– Мам! – завопила я.
Она подошла поближе.
– Дети, – сказала она голосом, ровным, как галька в нашем японском саду камней. – Ступайте к себе.
Поднимаясь по лестнице, я заметила, что кадка с деревом, стоявшая в вестибюле, опрокинута. Со стены сорвана картина. Кто-то – и я знала, кто, – сокрушил все вокруг. Но причины мне никто так и не объяснил.
Папа заведовал психиатрическим отделением в одной крупной больнице и осуществлял надзор за подростковой психиатрией в другой. Он каждый год составлял для журнала Washingtonian список лучших врачей, но уверял меня, что невелика честь.

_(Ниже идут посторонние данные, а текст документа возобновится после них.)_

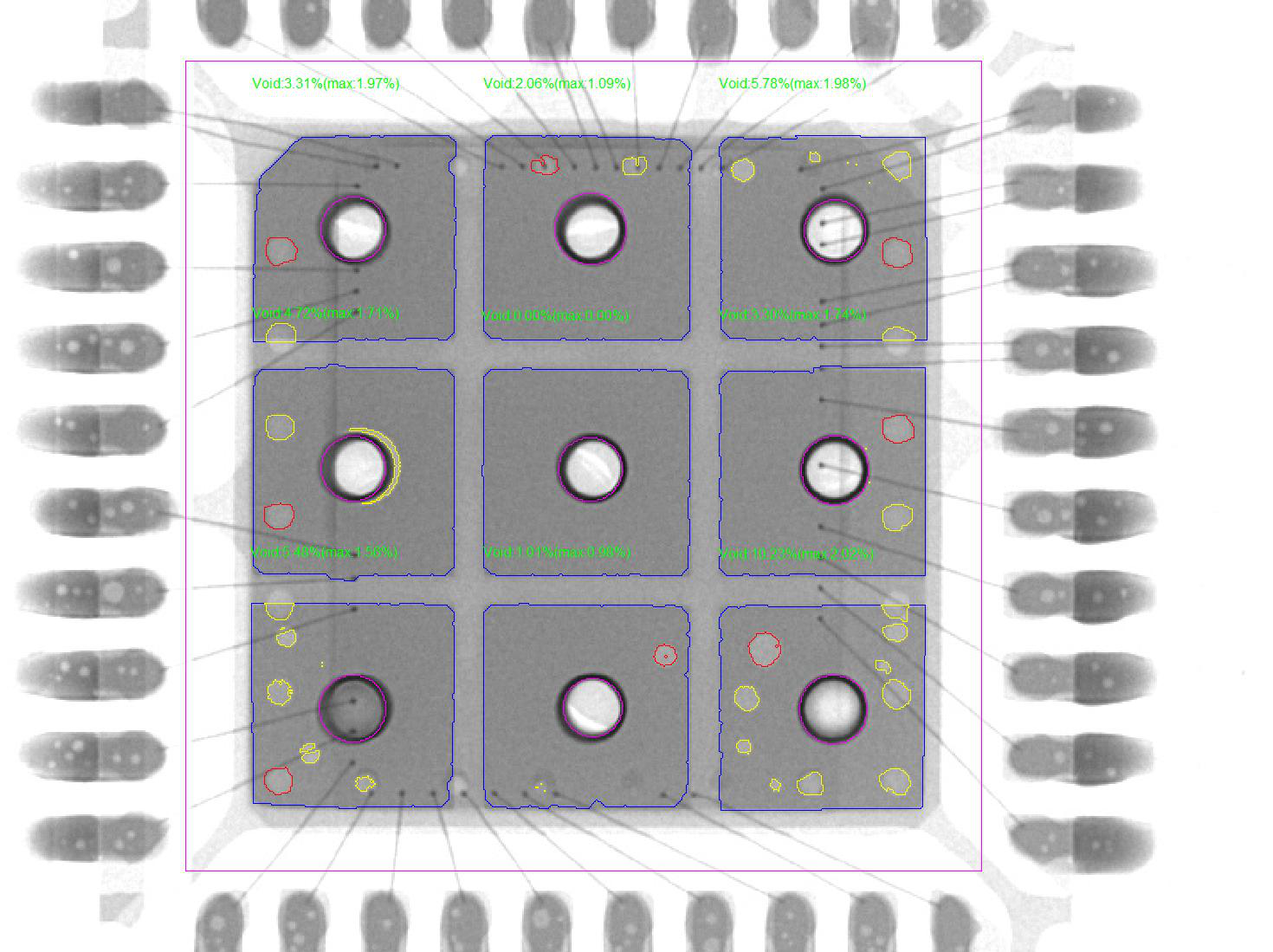 - Ferramentas de análise: medição (círculo, retângulo, linha, polígono, triângulo, curvatura), BGA, voids, LED, IC, alinhamento e mapeamento CNC.

«Если вы звоните по поводу убийства или самоубийства, пожалуйста, повесьте трубку и наберите 911, – щебетал автоответчик голосом папиного секретаря. – В противном случае оставьте сообщение».
Папины пациенты вечно швырялись в него баночками с мочой и тому подобными вещами. Царапали его, кусали, после чего ему приходилось сдавать анализ на СПИД. Вешались. Хлопот с ними было невпроворот. С понедельника по пятницу отец уходил из дома в шесть сорок пять утра и возвращался голодный в половине восьмого вечера. После ужина он еще на час уходил в свой рабочий кабинет. А по субботам полдня посвящал больничным обходам. В воскресенье у него был выходной. Но тут он принимался за трактор.
Папа любил историю, обожал Шекспира и обладал такой эрудицией, что в «Своей игре» отвечал на все вопросы подряд. Он изучал химию в университете Дьюка, потом поступил на медицинский факультет Тулейнского университета. Учился в аспирантуре при одной из лондонских больниц. В его домашнем кабинете было полным-полно книг, по которым он занимался студентом: «Толкование сновидений» Фрейда, «Воспоминания, сновидения, размышления» Юнга. Но вот мои сны он ни разу не удосужился истолковать. Видимо, уже охладел к этой теме. Или был слишком занят. Зато для пациентов он даже дома всегда находился «в зоне доступа». Звонок мог раздаться в три часа ночи, после чего папа уже не мог заснуть. Он связывался с отделением психиатрии по телефону и давал медсестрам указания прописать торазин, литий или геодон каждому, кто избил свою мать, потому что так велел из телевизора Господь.
Папа был насколько талантливым врачом, что мог назначать нейролептики с закрытыми глазами! Помню, бужу я его, заснувшего воскресным днем в гамаке на заднем дворе. На груди у него покоится раскрытая книга – «Волшебная гора» Манна, «Тэсс из рода д’Эрбервиллей» Харди или что-нибудь в этом роде. Может, Гарольд Блум.
– Папа!
Он открывает глаза.
– Звонят!
Папа берет трубку беспроводного телефона и снова закрывает глаза. Несколько мгновений слушает. И…
– Риспердал, – бормочет он. – Два миллиграмма.
И моментально снова погружается в сон.
А порой по выходным папа брал меня в особые поездки: на ярмарки штата, в огромные магазины, где продавали мебель для кукольных домиков.